Segment Start: Given data

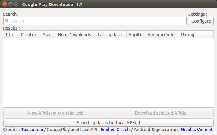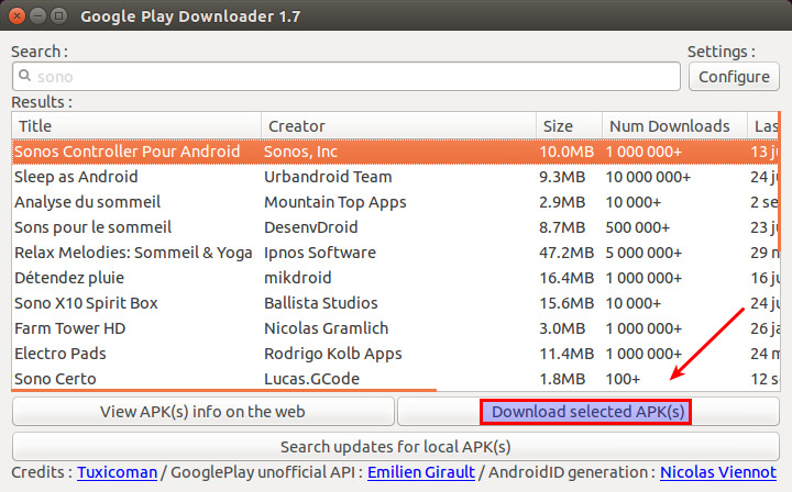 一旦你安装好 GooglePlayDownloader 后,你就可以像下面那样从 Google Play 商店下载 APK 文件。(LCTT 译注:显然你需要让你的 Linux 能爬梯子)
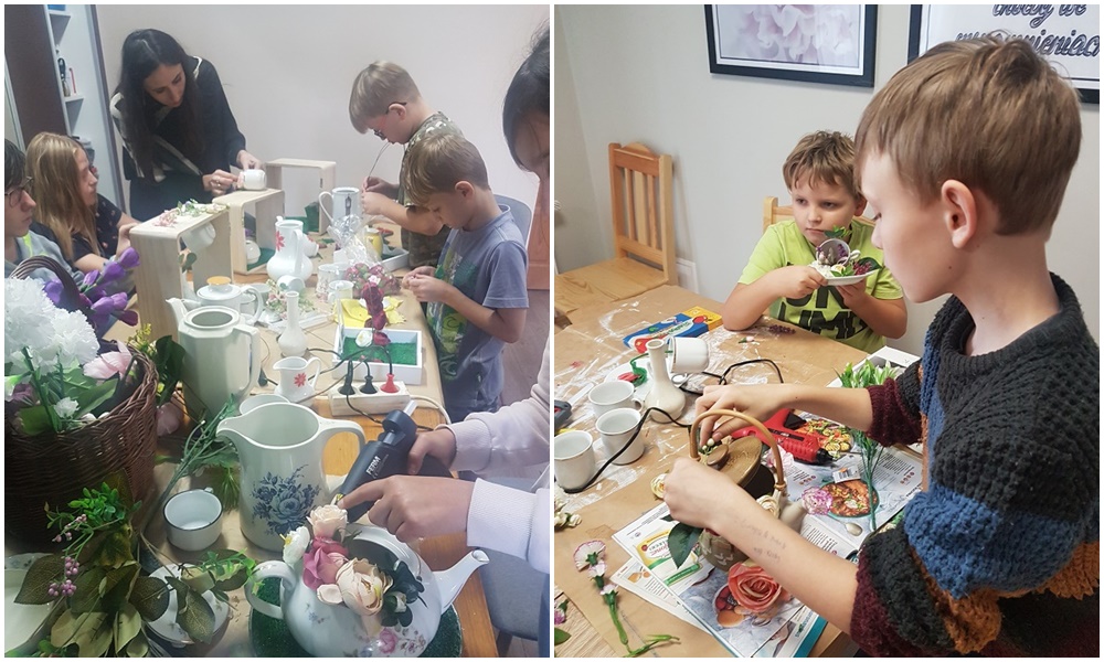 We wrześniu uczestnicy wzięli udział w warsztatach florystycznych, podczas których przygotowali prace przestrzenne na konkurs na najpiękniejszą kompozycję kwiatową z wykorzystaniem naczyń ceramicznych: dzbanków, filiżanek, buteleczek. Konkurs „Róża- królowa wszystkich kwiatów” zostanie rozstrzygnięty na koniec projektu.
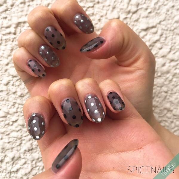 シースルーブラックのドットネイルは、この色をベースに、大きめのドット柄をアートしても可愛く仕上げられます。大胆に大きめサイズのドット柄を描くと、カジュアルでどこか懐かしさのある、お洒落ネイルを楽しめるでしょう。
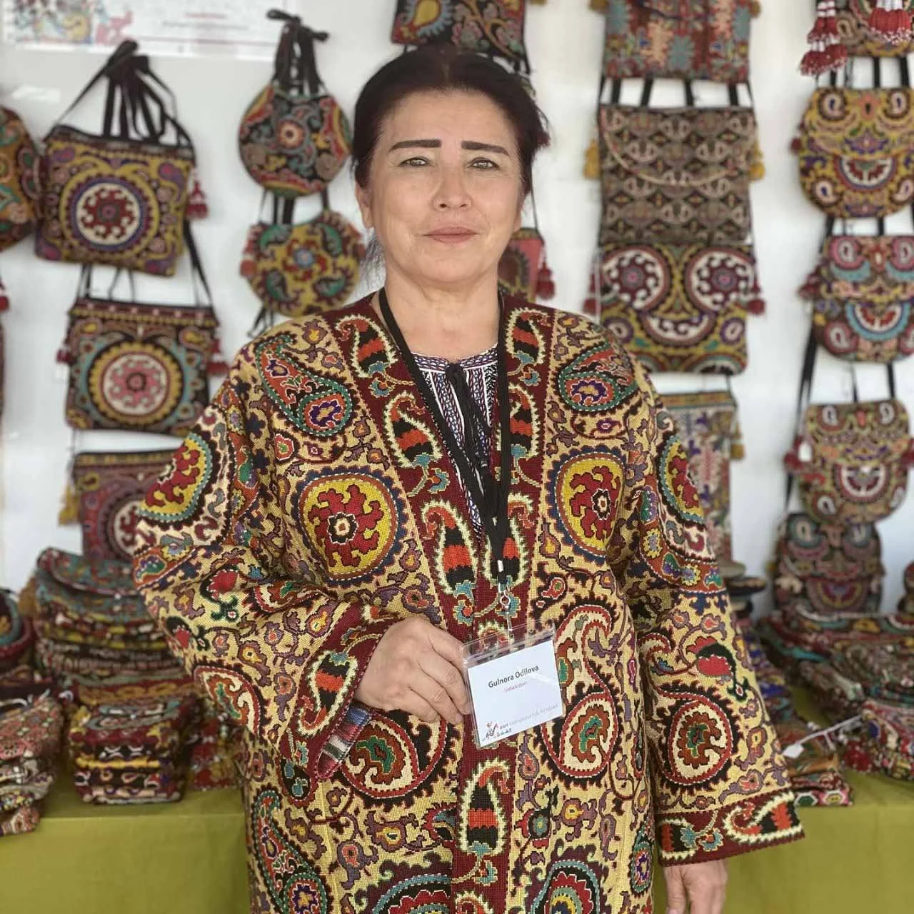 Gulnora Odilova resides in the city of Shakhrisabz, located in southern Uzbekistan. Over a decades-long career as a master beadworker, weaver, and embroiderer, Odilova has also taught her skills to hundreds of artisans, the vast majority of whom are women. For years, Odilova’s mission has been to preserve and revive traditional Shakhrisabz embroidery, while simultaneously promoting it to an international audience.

Segment End: Given data

* _Exercise goal_:
Leave out the pictures and repeat the lines from the start of the material through the line with "シースルーブラックのドットネ", inclusive.

* _Output of the exercise_:
 一旦你安装好 GooglePlayDownloader 后,你就可以像下面那样从 Google Play 商店下载 APK 文件。(LCTT 译注:显然你需要让你的 Linux 能爬梯子)
 We wrześniu uczestnicy wzięli udział w warsztatach florystycznych, podczas których przygotowali prace przestrzenne na konkurs na najpiękniejszą kompozycję kwiatową z wykorzystaniem naczyń ceramicznych: dzbanków, filiżanek, buteleczek. Konkurs „Róża- królowa wszystkich kwiatów” zostanie rozstrzygnięty na koniec projektu.
 シースルーブラックのドットネイルは、この色をベースに、大きめのドット柄をアートしても可愛く仕上げられます。大胆に大きめサイズのドット柄を描くと、カジュアルでどこか懐かしさのある、お洒落ネイルを楽しめるでしょう。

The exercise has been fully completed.